● TASK TO COMPLETE
Down to the last line of the listing, starting at the one with "This paper investigates", retype each line exactly. Do not copy the pictures.

● COLLECTED MATERIAL

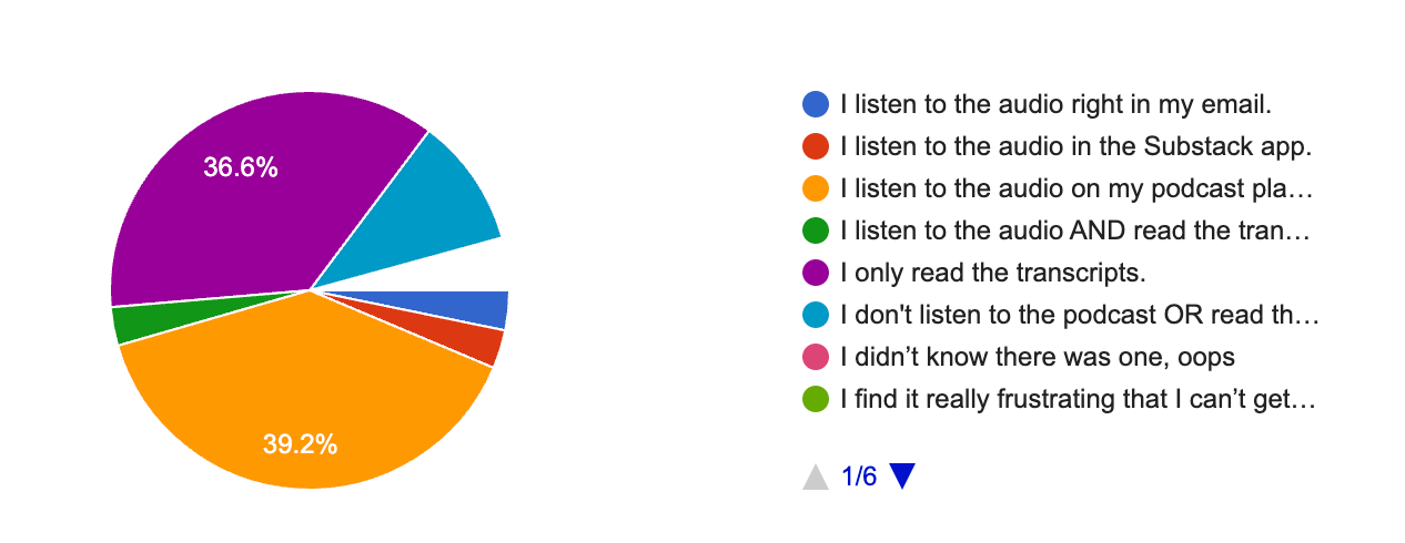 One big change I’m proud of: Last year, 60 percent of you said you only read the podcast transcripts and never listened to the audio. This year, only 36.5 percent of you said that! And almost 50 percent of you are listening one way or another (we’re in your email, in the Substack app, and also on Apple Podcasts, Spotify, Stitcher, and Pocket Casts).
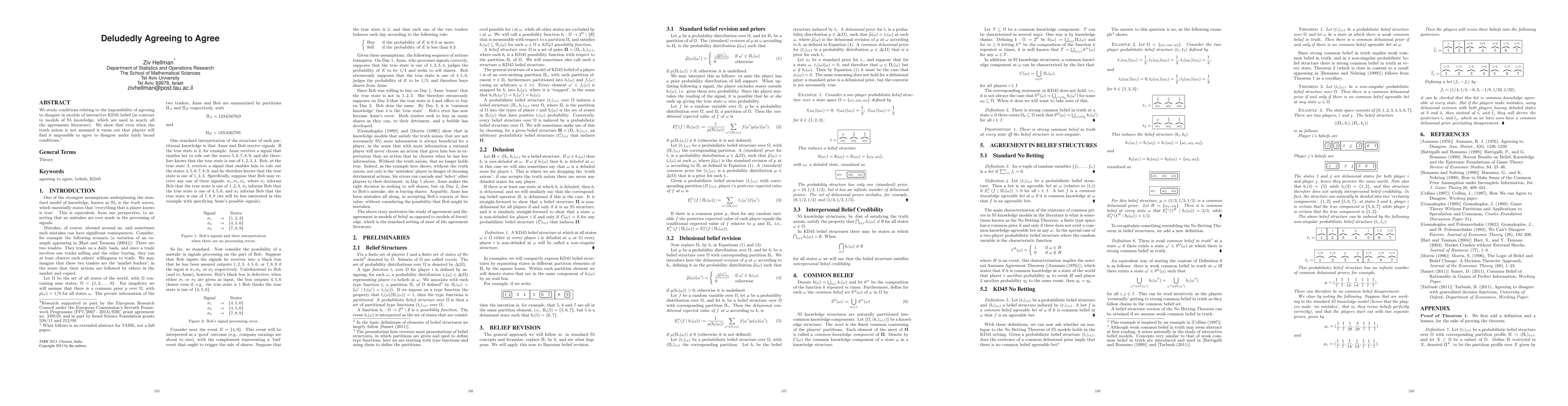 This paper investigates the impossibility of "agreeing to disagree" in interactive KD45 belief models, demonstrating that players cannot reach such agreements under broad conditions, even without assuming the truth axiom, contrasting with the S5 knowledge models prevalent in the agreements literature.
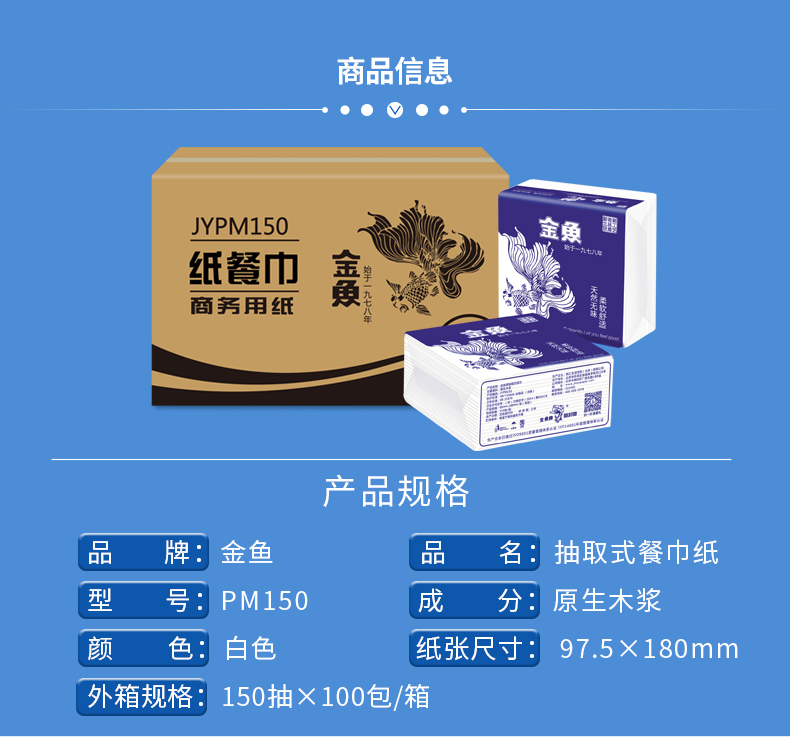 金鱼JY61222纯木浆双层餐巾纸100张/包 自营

● WRITTEN RESPONSE
 This paper investigates the impossibility of "agreeing to disagree" in interactive KD45 belief models, demonstrating that players cannot reach such agreements under broad conditions, even without assuming the truth axiom, contrasting with the S5 knowledge models prevalent in the agreements literature.
 金鱼JY61222纯木浆双层餐巾纸100张/包 自营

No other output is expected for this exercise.